● **YOUR OBJECTIVE**: Print exactly the lines below between the line containing "بِالْعَبْدِ حِينَ يُعْتَقُ" and the line containing "Office2007官方免費", counting both of those lines. Leave pictures out.

-- LISTED RECORDS follows --

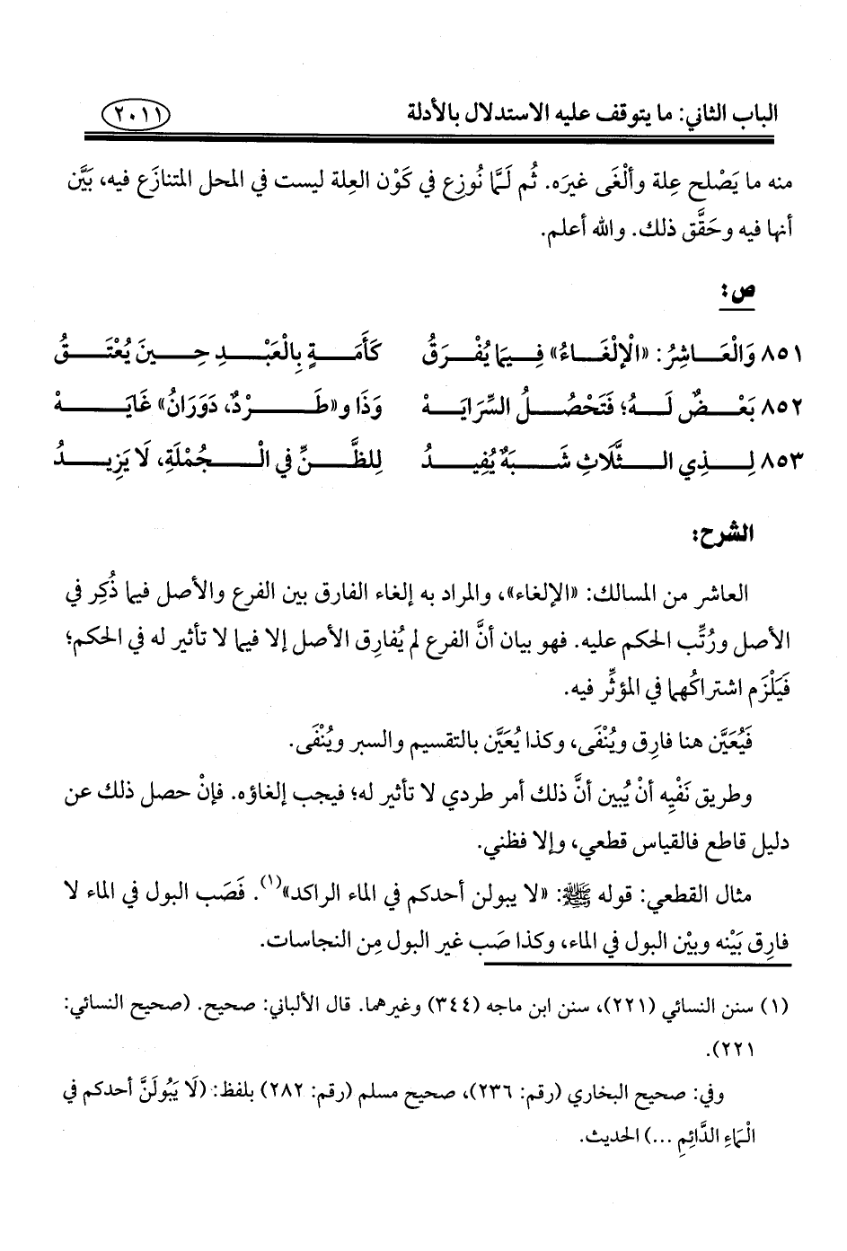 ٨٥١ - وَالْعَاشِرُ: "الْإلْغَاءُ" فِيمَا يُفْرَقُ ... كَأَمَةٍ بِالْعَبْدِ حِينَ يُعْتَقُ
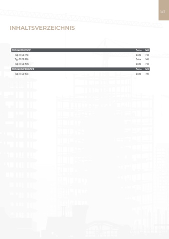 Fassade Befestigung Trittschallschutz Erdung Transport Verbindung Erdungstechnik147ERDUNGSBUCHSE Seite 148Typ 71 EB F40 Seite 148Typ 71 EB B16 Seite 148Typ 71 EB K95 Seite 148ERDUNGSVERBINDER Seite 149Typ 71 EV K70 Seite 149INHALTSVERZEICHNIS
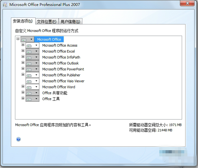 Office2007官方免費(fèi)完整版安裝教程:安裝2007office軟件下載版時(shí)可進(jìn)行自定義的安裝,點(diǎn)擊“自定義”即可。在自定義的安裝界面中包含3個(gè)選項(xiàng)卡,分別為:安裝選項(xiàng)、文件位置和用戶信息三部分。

-- LISTED RECORDS concluded --
-- LISTED RECORDS follows --

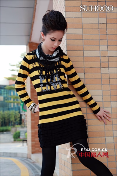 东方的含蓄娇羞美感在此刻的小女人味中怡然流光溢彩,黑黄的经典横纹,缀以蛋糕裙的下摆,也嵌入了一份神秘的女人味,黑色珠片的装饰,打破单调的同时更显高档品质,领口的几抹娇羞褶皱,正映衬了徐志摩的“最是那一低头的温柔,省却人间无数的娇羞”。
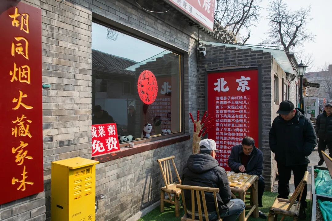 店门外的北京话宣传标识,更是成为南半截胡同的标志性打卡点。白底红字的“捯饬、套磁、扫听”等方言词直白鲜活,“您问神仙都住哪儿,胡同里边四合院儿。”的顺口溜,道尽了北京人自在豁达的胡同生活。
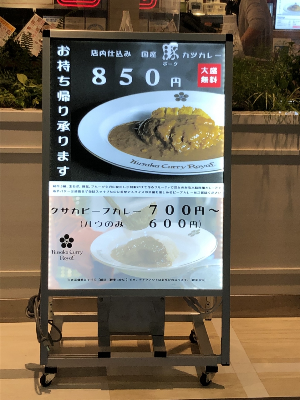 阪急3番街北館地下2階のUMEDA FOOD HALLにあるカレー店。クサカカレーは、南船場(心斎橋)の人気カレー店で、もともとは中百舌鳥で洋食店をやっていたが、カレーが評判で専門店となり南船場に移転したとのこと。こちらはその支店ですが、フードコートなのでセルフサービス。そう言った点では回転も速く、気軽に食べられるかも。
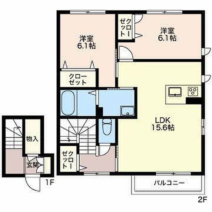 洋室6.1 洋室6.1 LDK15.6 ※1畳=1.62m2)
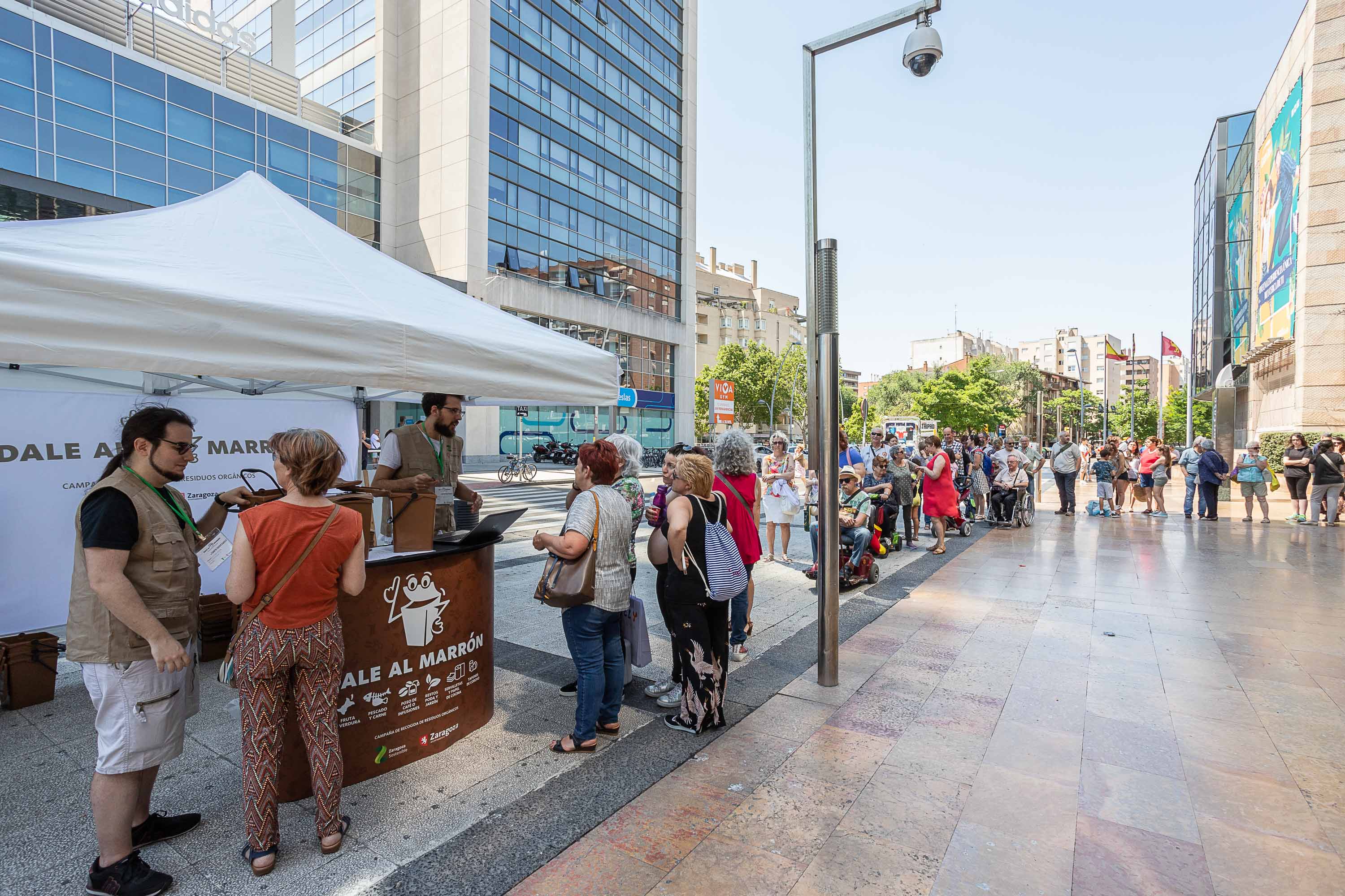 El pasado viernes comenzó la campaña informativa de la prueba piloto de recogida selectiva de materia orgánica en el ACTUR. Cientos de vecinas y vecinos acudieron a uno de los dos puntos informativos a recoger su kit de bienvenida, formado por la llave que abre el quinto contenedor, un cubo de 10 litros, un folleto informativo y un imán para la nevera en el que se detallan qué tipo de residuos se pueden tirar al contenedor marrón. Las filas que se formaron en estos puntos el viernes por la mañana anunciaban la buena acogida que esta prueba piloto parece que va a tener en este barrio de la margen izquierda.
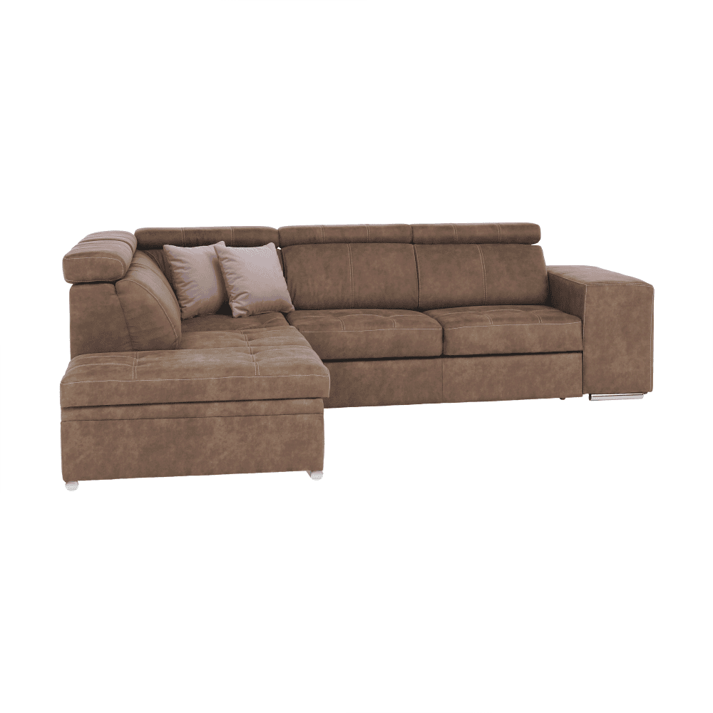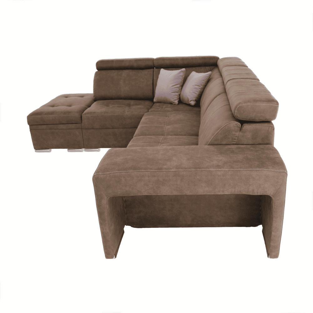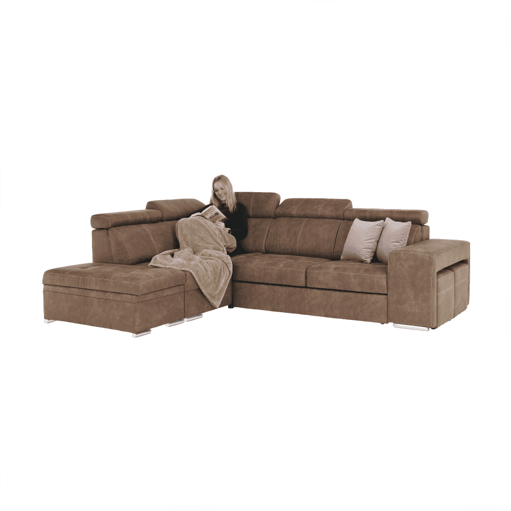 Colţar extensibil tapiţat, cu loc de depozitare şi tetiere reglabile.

-- LISTED RECORDS concluded --

● **EXPECTED ANSWER**:
 ٨٥١ - وَالْعَاشِرُ: "الْإلْغَاءُ" فِيمَا يُفْرَقُ ... كَأَمَةٍ بِالْعَبْدِ حِينَ يُعْتَقُ
 Fassade Befestigung Trittschallschutz Erdung Transport Verbindung Erdungstechnik147ERDUNGSBUCHSE Seite 148Typ 71 EB F40 Seite 148Typ 71 EB B16 Seite 148Typ 71 EB K95 Seite 148ERDUNGSVERBINDER Seite 149Typ 71 EV K70 Seite 149INHALTSVERZEICHNIS
 Office2007官方免費(fèi)完整版安裝教程:安裝2007office軟件下載版時(shí)可進(jìn)行自定義的安裝,點(diǎn)擊“自定義”即可。在自定義的安裝界面中包含3個(gè)選項(xiàng)卡,分別為:安裝選項(xiàng)、文件位置和用戶信息三部分。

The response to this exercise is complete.